This is going to be a different kind of thread. Not about our dreams, but about something I found in the waking world.
Has anyone heard of Janusz Zielinski?
He was a Polish-American filmmaker who made surrealist/experimental films in the 1970s and early 80s. Most of his work is pretty obscure - you can find a few things on VHS if you dig, but he never had mainstream success.
I tracked down three of his films after someone mentioned him in an old dream forum thread from 2001. I've now watched all of them multiple times.
The city is in his films.
"The Sleeper's Map" (1973)
A 45-minute experimental film, mostly black and white with occasional color sequences. The narrative (such as it is) follows a woman who falls asleep and explores a dream city.
The city in the film is our city. White buildings on a mountainside. The spiral fountain. The library-cathedral. There's even a brief shot of what looks like the statue - a figure emerging from a shell.
"Passages" (1977)
Darker, more abstract. Much of it takes place in underground corridors - tunnels that shift and change. The architecture is impossible, Escher-like. A man is searching for something, or fleeing from something.

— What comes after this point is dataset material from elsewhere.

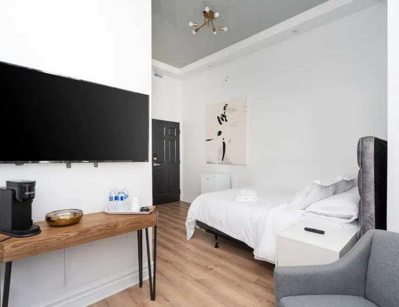 Comfortable Accommodations: Penfield Suites in Montréal offers comfortable rooms with air-conditioning, private bathrooms, and TVs. Each room includes a tea and coffee maker, hairdryer, and free toiletries. Essential Facilities: Guests enjoy free WiFi throughout the hotel. Reception staff speak English, ensuring smooth communication. Prime Location: Located 8.7 mi from Montreal-Trudeau International Airport, the hotel is close to attractions such as the Montreal Museum of Fine Arts (8-minute walk), Mount Royal Park (1.1 mi), and the Underground City (1.6 mi). Local Activities: The surrounding area features an ice-skating rink and boating opportunities, providing entertainment for all visitors. The air-conditioned suite features 1 bedroom and 1 bathroom with a hairdryer. This suite has a tea and coffee maker, heating and a TV. The unit offers 1 bed.

Near the end, he emerges from the tunnels into... the central plaza. You only see it for a few seconds, but it's unmistakable.
"The Amber Hours" (1981)
His most "normal" film - almost has a plot. A woman receives a package containing a strange amber sphere. When she looks into it, she sees another world. She becomes obsessed with entering that world.
The world in the amber is, again, our city. But shown in more detail than the other films. Extended sequences of the market district, the coastal areas, the smaller plaza up the mountain that dreamweaver mentioned.
What This Means
Zielinski was dreaming of the city in the 1970s. At least.
This predates all of us. This predates the internet. This is independent confirmation that the city has been accessible to dreamers for decades, maybe longer.
I'm trying to find out more about Zielinski himself. He died in 1998, but he has surviving family. If anyone has connections to the experimental film community, please reach out.